Start of DATA TO USE

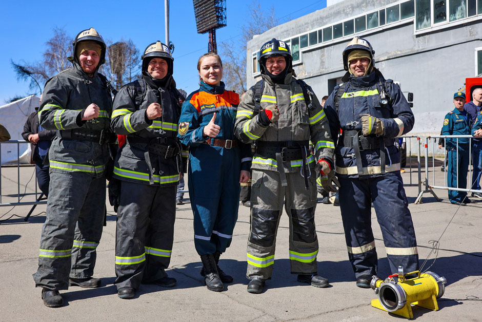 Перед дворцом спорта «Труд» в Иркутске прошли соревнования по пожарно-спасательному многоборью
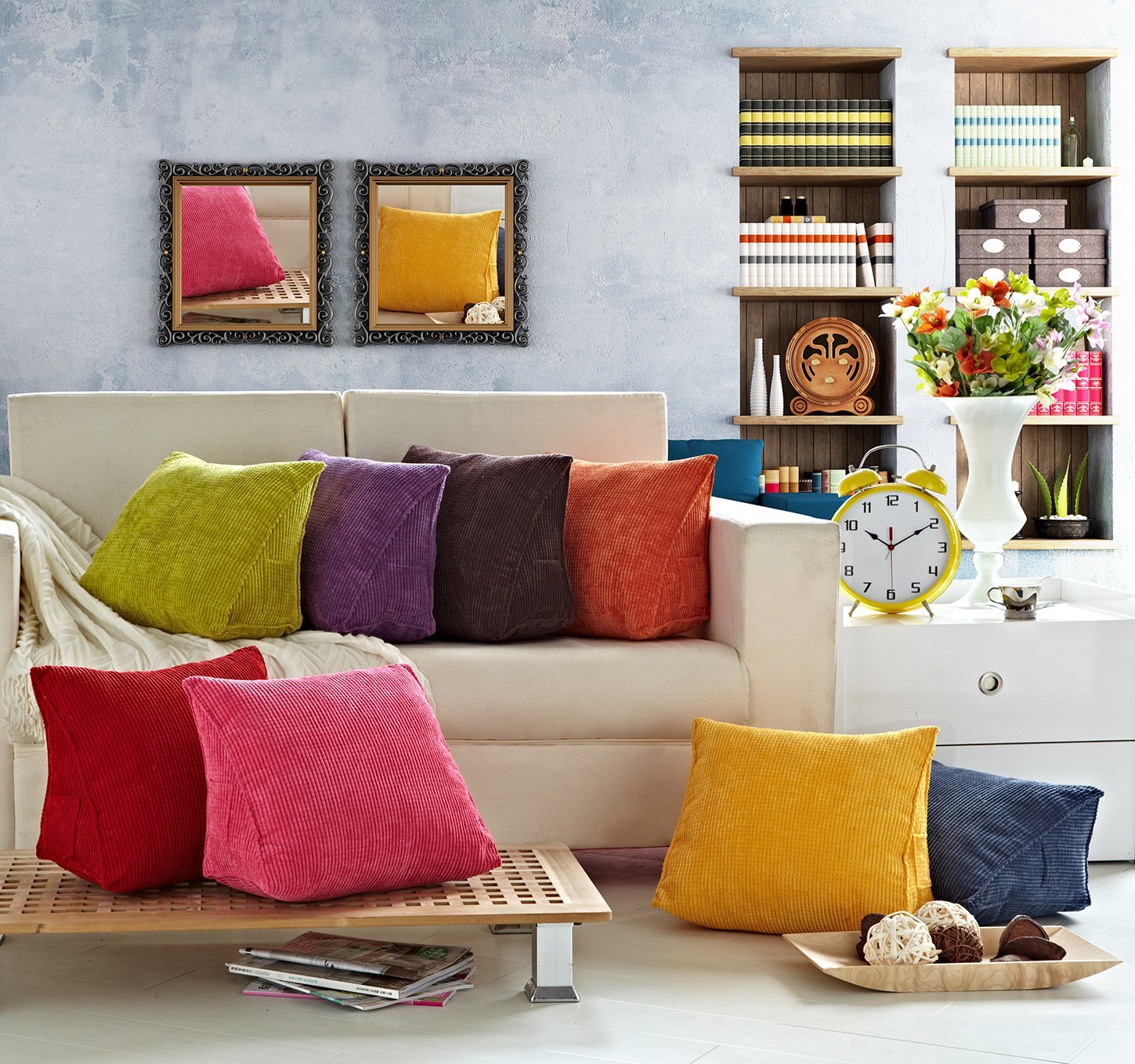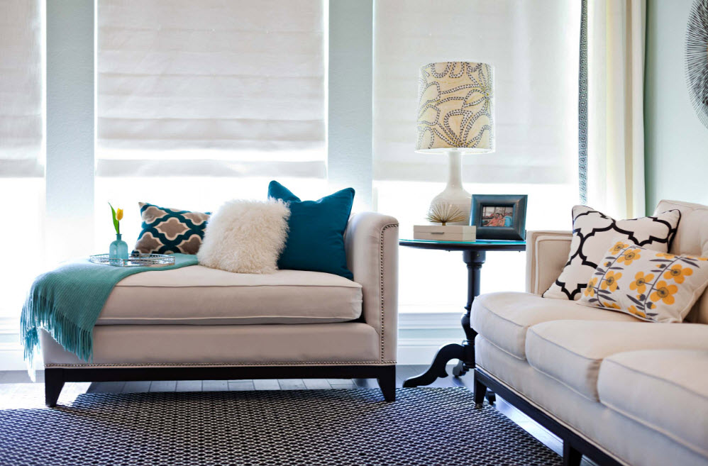 Dans les pièces où les meubles rembourrés contrastent avec la couleur des murs, les coussins rapprocheront les couleurs des murs.Cela donnera la complétude intérieure et des transitions de couleurs douces et nettes.
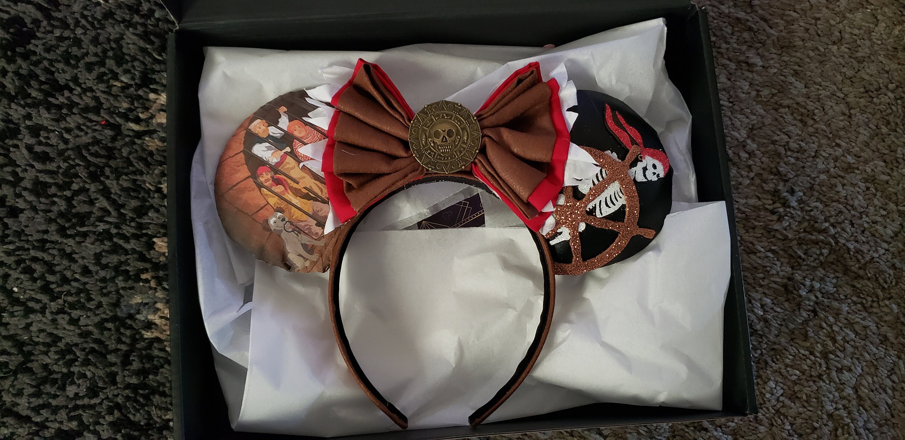 These are one of my favorite pairs of ears! The attention to detail is fabulous. The bow has a faux leather brown layer, and linen ish red and white layers, so it screams Pirates with just the fabric and color choices. And the white fabric is cut so it looks like a torn sail or something and that's just *chef's kiss* perfection. The fabric on the ears is so cute; it's scenes right out of the ride. The foam overlays of the skeleton steering the helm in the storm is cut and attached so perfectly-no glue showing or anything. And the 'dead men tell no tales' on the back is equally amazing. I ordered these well after the seller closed orders for the holidays, so I got them 2 months after ordering, but that was totally expected since I'm sure they were slammed with holiday orders. If you're on the fence, buy them<3
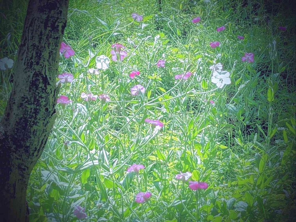 夕方斜面のフランネル草を写してスマホ遊びをしてみました。
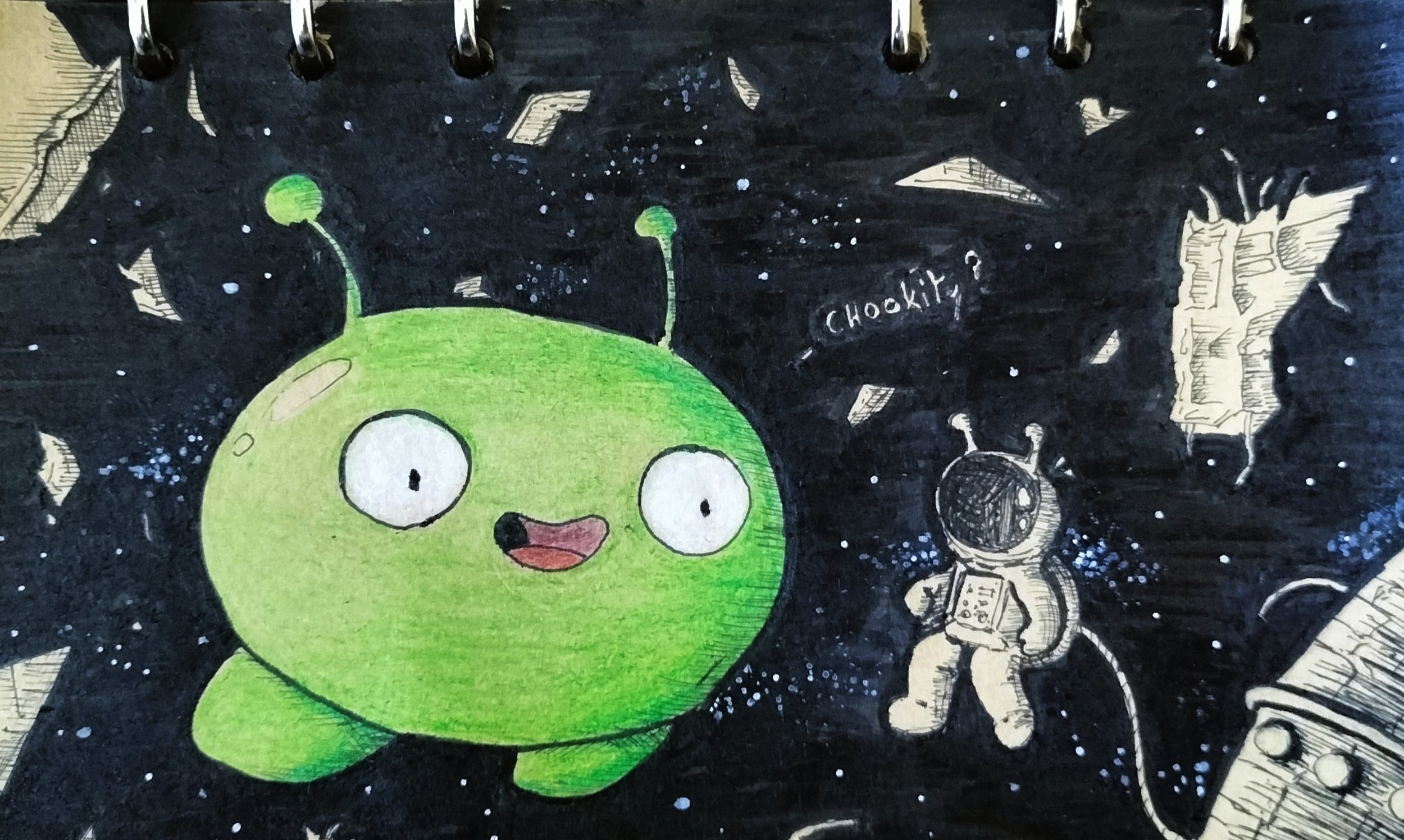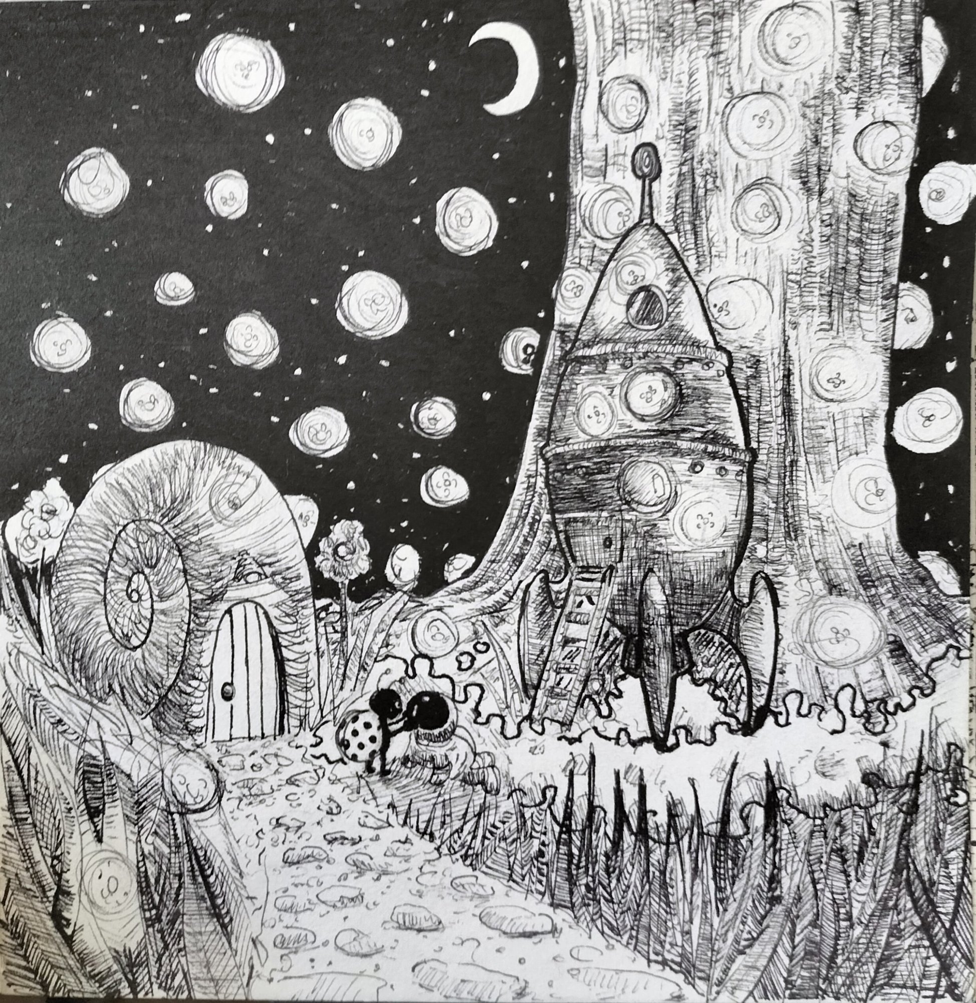 Hello ici ! Je poste via téléphone aujourd'hui, donc je m'excuse mais je galère à retourner voir les créations de chacun pour commenter ! Mais vous avez assuré encore une fois, y'a des pépites 🥰 @Sylvus j'ai jamais joué à GW mais tes DP donnent super envie de découvrir l'univers Pour mon dessin du jour, je vous invite au voyage ( déjà dans le thème eheh ) 2 ans dans le passé ! Le mot était fusée, et j'avais dessiné ça : Ça m'a directement pop à l'esprit, donc 2 ans après, ma p'tite coccinelle a poursuivi son voyage dans l'espace, où elle vient de faire une rencontre pour le moins... Déconcertante ! Pour une fois j'y ai ajouté de la couleur au crayon, et si vous ne connaissez pas cette série incroyable qu'est Final Space, je vous invite à aller la découvrir avant qu'elle ne soit totalement supprimée des plateformes ( l'histoire de l'avenir de cette série est plutôt moche, la faute aux gens qui auront jamais assez de pognon.. ) !16 points
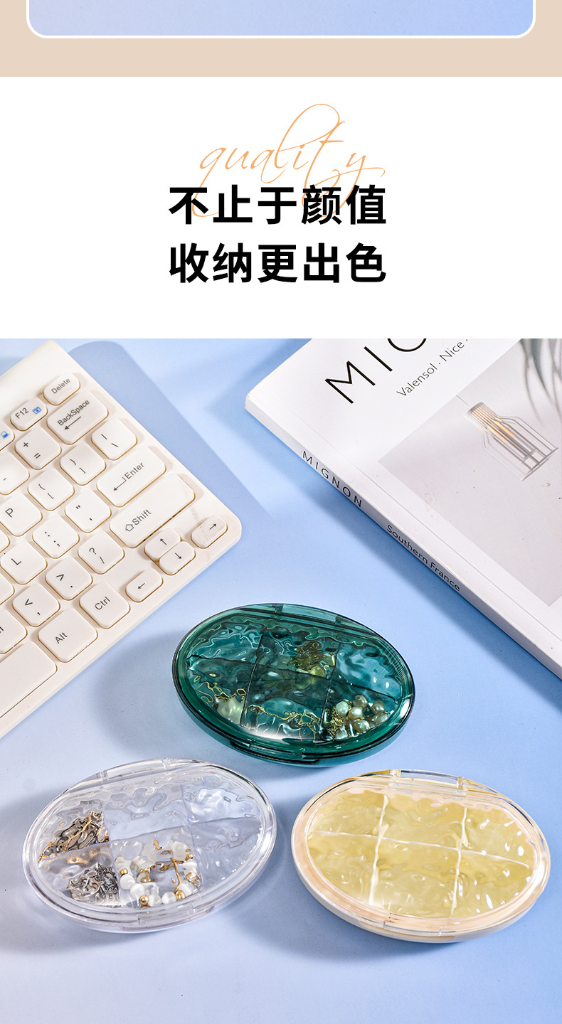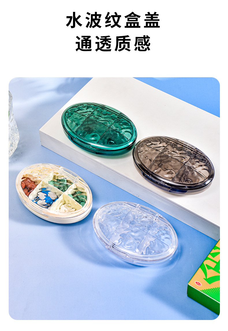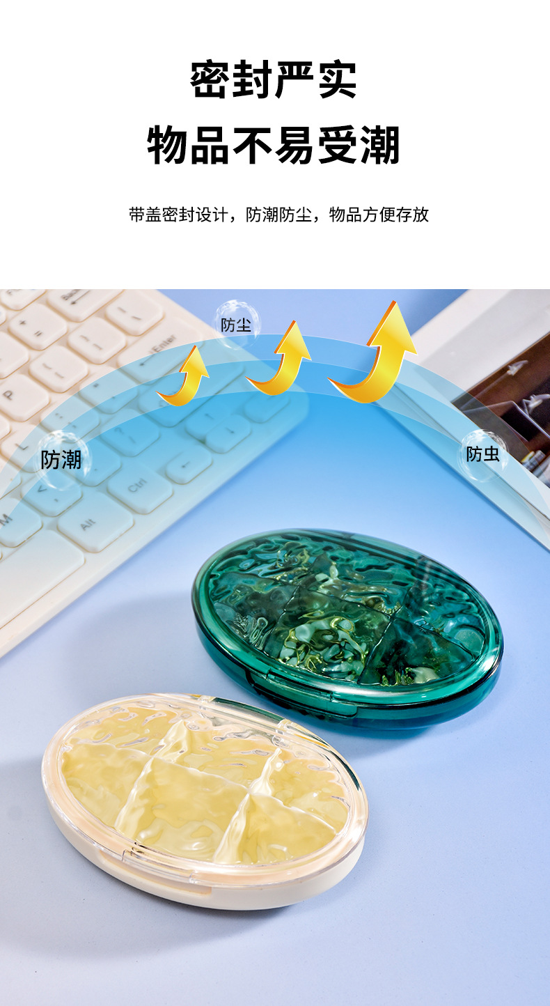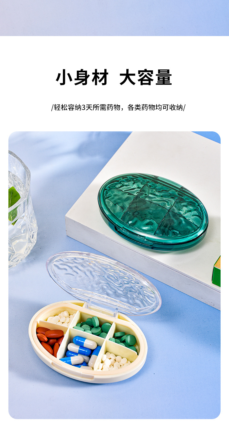 家用多色药盒分装盒一周7天便携药盒分类6格收纳盒多格PP盒首饰盒
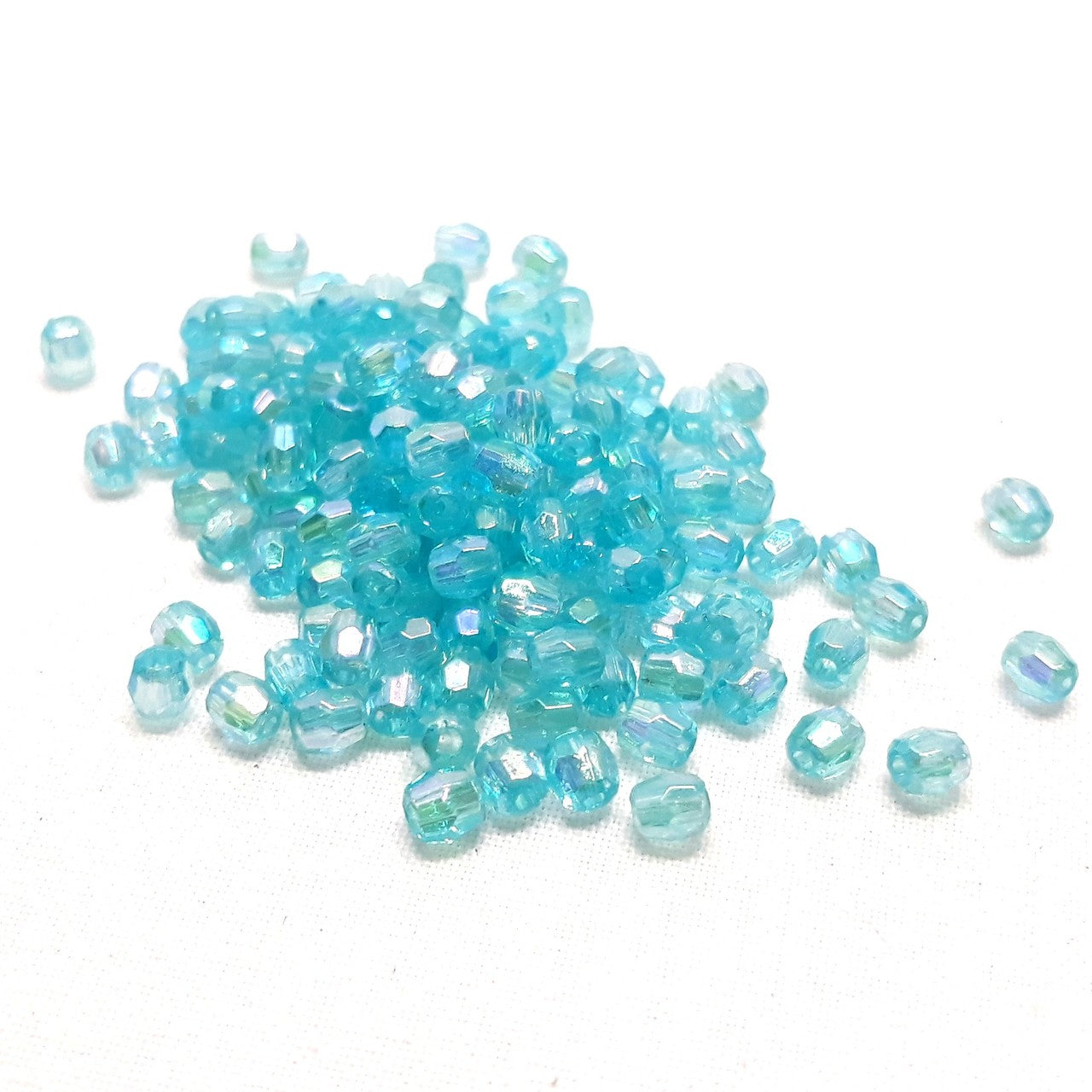 Round Facet Plastic 4mm Transparant Light Blue AB Per Gram

End of DATA TO USE

PROBLEM TO SOLVE: Print the data above exactly, from its first line to the line bearing "Dans les pièces" inclusive, and keep pictures out of the result.

ANSWER BOX:
 Перед дворцом спорта «Труд» в Иркутске прошли соревнования по пожарно-спасательному многоборью
 Dans les pièces où les meubles rembourrés contrastent avec la couleur des murs, les coussins rapprocheront les couleurs des murs.Cela donnera la complétude intérieure et des transitions de couleurs douces et nettes.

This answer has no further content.